Marker-assisted selection is the general direction of future breeding

Conventional breeding methods have limitations such as genetic variation and genomic hybridization. In principle, these limitations can be overcome by genetic engineering methods such as recombinant DNA. Using these methods, genes with definite function can be cloned and introduced into different species in a rapid and highly specialized way. As a result, a variety of organisms have become useful sources of alleles, avoiding the mixing of the entire genome. At present, the basic limitation of the application of genetic engineering seems to be the public acceptance of genetically modified organisms obtained by gene cloning and transformation.

Conventional breeding methods have limitations such as genetic variation and genomic hybridization.

In marker-assisted selection (MAS) breeding, plant breeders take advantage of the association between agronomic traits and allelic variations in genetic markers (mainly molecular markers). The general idea of marker-assisted breeding is that before breeders can make use of the linkage-based association between traits and markers, the association must be evaluated with a certain degree of accuracy. thus marker genotypes can be used as indicators or predictors of genotypes and phenotypes of traits. Once the marker trait association has been reliably evaluated, breeders can monitor the transmission of trait genes through closely linked markers, so they can carry out "genotype construction", that is, through carefully planned hybridization and selection, marker genotypes are used as selection criteria to construct the desired genotypes.

The potential value of genetic markers, linkage maps and indirect selection in plant breeding has been recognized for more than 80 years. Since the emergence of DNA marker technology in the 1980s it has significantly improved the efficiency of plant breeding. In the past 20 years, many breeding companies have used markers to improve the efficiency of breeding to varying degrees. Now, advances in automation technology have launched a new method in marker-assisted breeding, called "design breeding". Advances in applied genomics and the possibility of generating large-scale marker data sets provide us with tools to determine the genetic basis of all important agronomic traits. Now there are methods to evaluate the allele variation of important agronomic trait loci, and this comprehensive knowledge will eventually allow breeders to combine all the favorable alleles at these loci in a controllable way to get good varieties.

Changing concepts and molecular methods provide an opportunity to improve breeding strategies. The map location and allele variation of important agronomic trait loci are only combined with available and easy-to-determine molecular markers, which makes the design of excellent varieties possible.
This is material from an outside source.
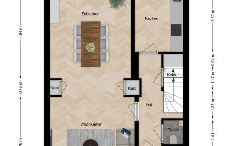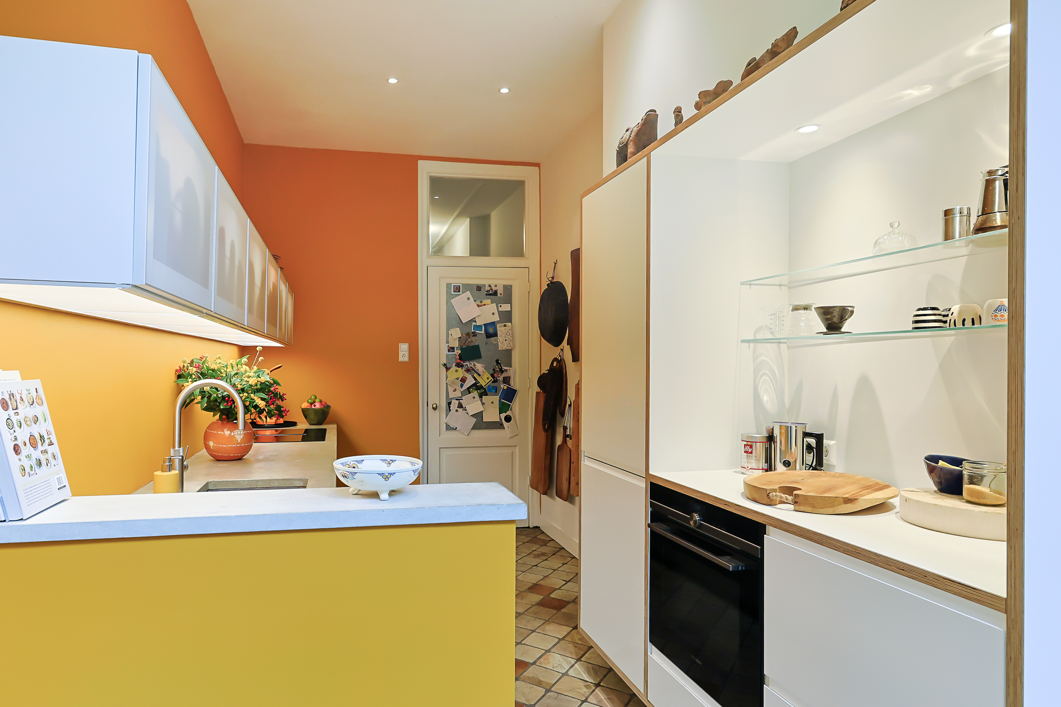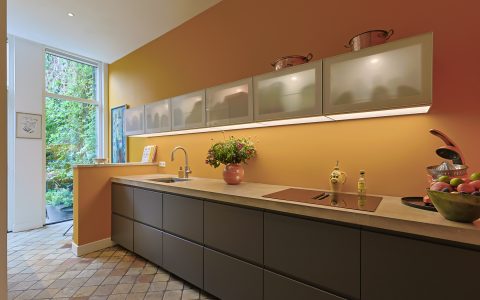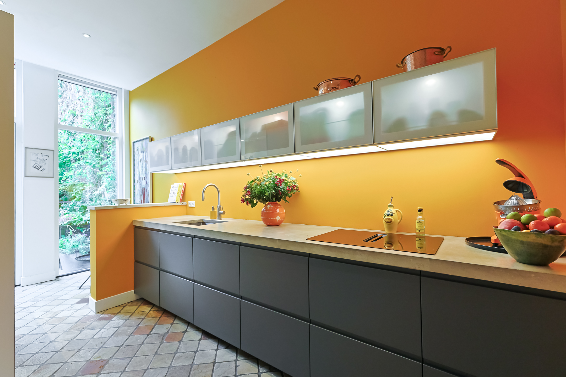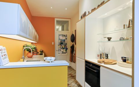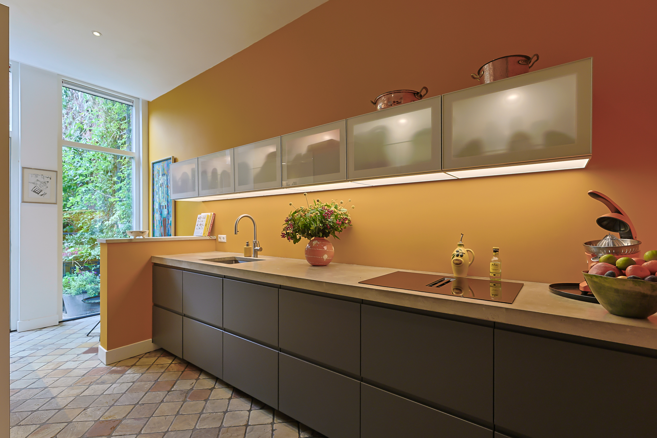 Via de vestibule komt u in de gang met de trapopgang, de deur naar de ruime droge kelder onder de keuken en een modern toilet met fonteintje. Vanuit de gang komt u in de moderne deels open keuken die is voorzien van een vaatwasser, een Quooker, een inductiekookplaat met een ingebouwd afzuigsysteem, een koel-/vriescombinatie en een combi-oven. Het strak vormgegeven keukenmeubel is voorzien van een fraai betongegoten aanrechtblad. In het deel waar de oven en de koelkast geplaatst zijn, is een gezellige koffie corner. De keuken is voorzien van vloerverwarming. Vanuit de keuken bereikt u de zonnige (ZW) en besloten stadstuin (ca. 9.00m x 6.5m) met zij-ingang. (Heerlijk met fietsen, plantjes voor de tuin of het afvoeren van rommel) Er is een aparte plaats voor fietsen in belendend pand.

DNA markers have the advantages of increasing reliability, improving efficiency and reducing cost, and can greatly accelerate the time of variety breeding.

The use of DNA markers in indirect selection provides great benefits for quantitative traits with low heritability because these traits are the most difficult to evaluate in field trials. Obviously, because this trait requires extensive phenotypic determination, the development of marker-assisted analysis of this trait is difficult and expensive. However, once the knowledge of parameter estimation is available, the well-designed experimental device will make it possible to use the marker-assisted selection tool, which can be reduced to a major range. Molecular marker technology will help to identify favorable alleles of agronomic traits, associate these alleles with specific molecular markers, and introduce them from one genetic background to another by MAS.